Extracted entries >>
::::::::

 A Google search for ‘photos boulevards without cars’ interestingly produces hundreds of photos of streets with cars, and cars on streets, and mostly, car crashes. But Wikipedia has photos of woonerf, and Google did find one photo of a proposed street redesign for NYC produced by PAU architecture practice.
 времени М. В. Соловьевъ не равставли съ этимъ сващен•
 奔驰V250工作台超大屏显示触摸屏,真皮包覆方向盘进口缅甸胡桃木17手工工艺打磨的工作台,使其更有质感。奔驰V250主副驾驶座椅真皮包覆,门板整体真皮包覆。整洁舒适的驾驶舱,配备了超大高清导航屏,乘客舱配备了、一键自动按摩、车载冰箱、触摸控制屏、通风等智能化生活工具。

::::::::

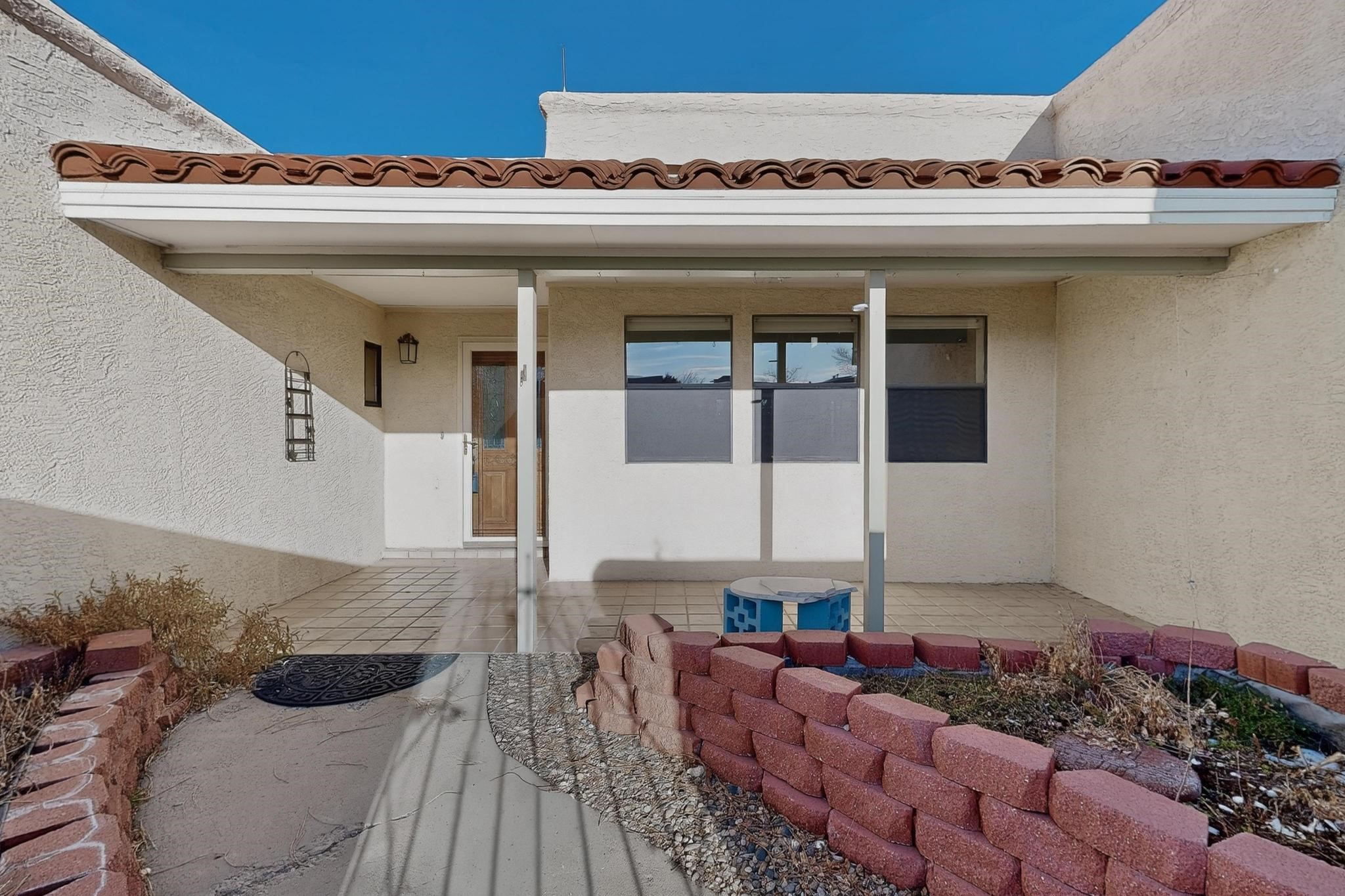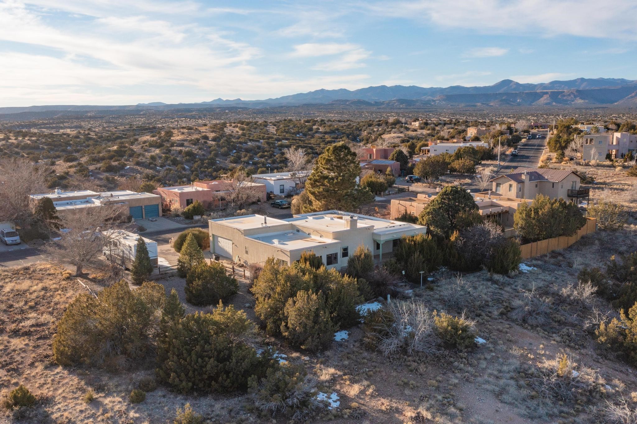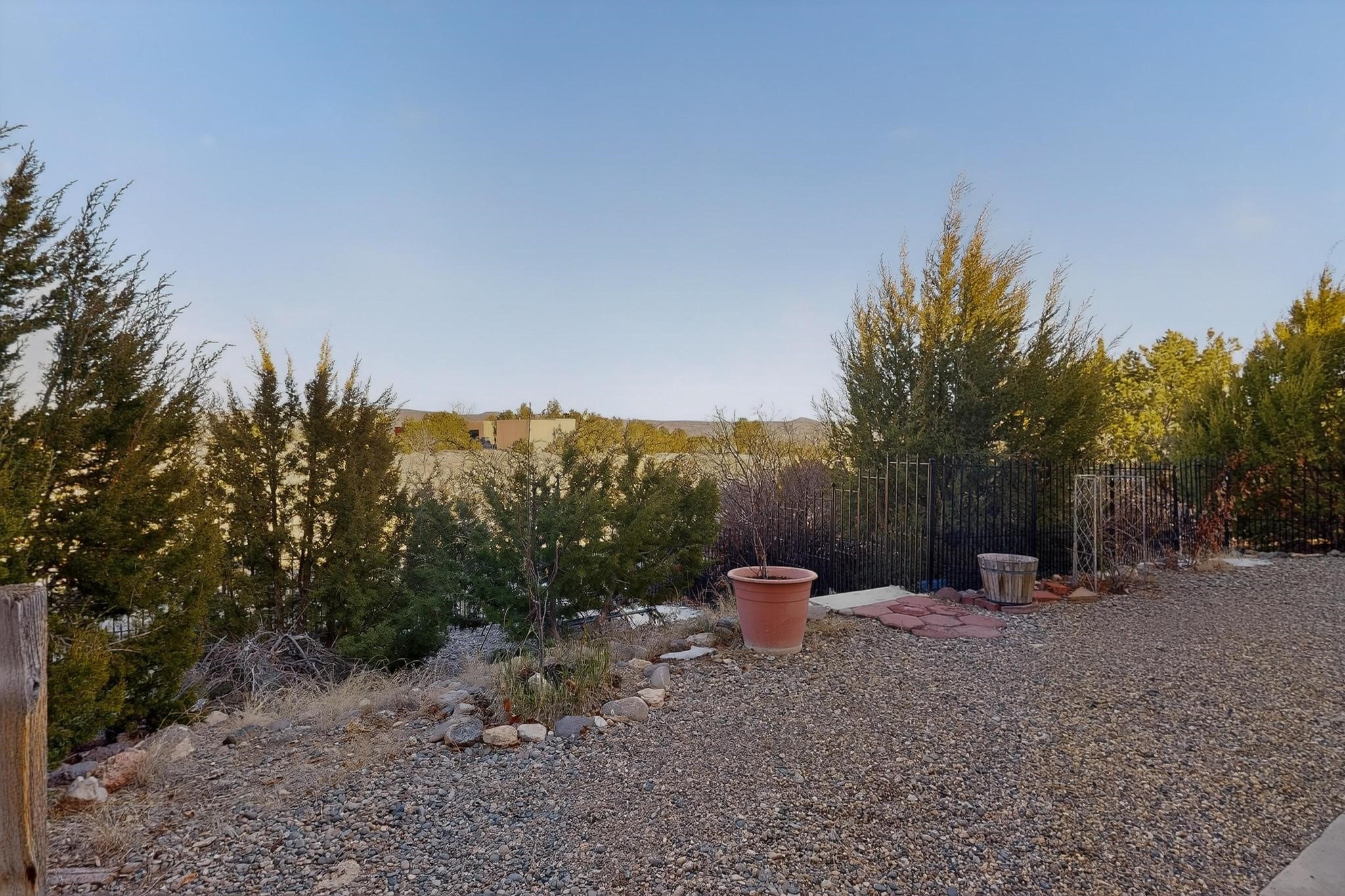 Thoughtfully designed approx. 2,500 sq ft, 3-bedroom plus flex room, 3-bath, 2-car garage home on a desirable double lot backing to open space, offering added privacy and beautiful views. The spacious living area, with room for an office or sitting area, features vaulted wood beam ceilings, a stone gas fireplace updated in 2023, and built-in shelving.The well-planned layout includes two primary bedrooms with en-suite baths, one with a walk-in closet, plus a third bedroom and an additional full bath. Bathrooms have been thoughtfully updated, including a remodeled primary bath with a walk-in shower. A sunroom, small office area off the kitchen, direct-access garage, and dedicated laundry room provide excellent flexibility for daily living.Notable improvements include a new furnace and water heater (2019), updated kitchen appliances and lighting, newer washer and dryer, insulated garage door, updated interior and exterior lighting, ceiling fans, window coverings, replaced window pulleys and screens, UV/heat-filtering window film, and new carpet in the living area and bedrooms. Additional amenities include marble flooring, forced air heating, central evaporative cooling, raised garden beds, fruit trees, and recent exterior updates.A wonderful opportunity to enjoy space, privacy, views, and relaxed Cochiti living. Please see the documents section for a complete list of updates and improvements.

::::::::

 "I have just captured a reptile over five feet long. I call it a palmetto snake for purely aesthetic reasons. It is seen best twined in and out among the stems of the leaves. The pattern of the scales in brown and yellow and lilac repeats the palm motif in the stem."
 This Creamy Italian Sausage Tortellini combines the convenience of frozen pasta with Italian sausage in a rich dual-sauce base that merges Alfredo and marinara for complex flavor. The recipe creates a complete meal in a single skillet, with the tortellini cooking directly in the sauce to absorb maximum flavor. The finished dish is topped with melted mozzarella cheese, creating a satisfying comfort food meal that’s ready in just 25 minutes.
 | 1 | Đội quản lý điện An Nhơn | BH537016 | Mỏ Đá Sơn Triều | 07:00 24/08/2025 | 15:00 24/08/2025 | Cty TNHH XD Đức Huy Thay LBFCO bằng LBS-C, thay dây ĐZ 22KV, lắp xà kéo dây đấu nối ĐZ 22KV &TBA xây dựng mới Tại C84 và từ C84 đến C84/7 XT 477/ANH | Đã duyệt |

::::::::

Your instructions >> Count, in the records above, the lines that include "just", and give the number with nothing added.

Written reply >> 2